I was agreeably surprised by The Clown Service, not so much by the body of the book but by the clever punch of its ending, which exacted a heavy price for the heroes’ effort to outmanoeuvre the bad guys. The book had rambled a bit, but it really floored it when it got to the off-ramp.
By comparison, The Rain Soaked Bride feels like the engine is idling. The book opens up by sorting out the cliffhanger of the first book as if it wasn’t even a thing. Hmm, I thought. Maybe you weren’t serious after all. And if I’m honest, it isn’t even as if I wanted Guy Adams to be serious. He’s very good at being funny. The opening chapters of the book play like those opening jokes you get in a TV show before they get down to the plot of the week, and in fact, that’s really what’s wrong with The Rain Soaked Bride overall; it felt like a good episode of TV instead of a book. The main characters are stuck in a country house, and a curse is knocking off the ancillary characters one by one. How well this works depends on how well the main characters work for you. You need a high quirk tolerance, that’s for sure.
If you’ve got that, the August siblings and Toby Greene are fun to be around. August Shining, in particular, has the perfect deadpan of a man who has had a whole lifetime to get used to the knowledge that being right is not much use in a world which wants to believe something else.

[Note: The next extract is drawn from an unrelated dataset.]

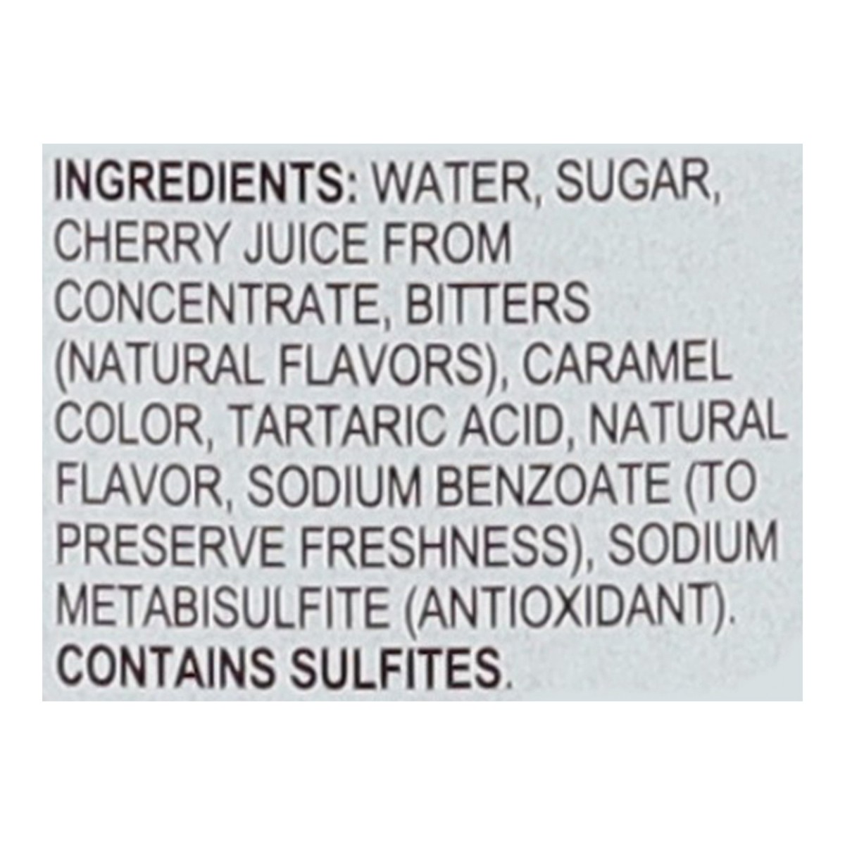 Water, High Fructose Corn Syrup, Natural Flavor, Tartaric Acid, Caramel Color, Sodium Benzoate, Potassium Sorbate.

Things end on a cliffhanger again, although this one seems almost to bottle the hard choices; it’s set up as an echo of the climax of On Her Majesty’s Secret Service, so that anyone who’s read the book or seen the movie was waiting for it “We have all the time in the world.” We get the line, but not the closure. So now I have to wait to see whether there’s another fakeout in the next book.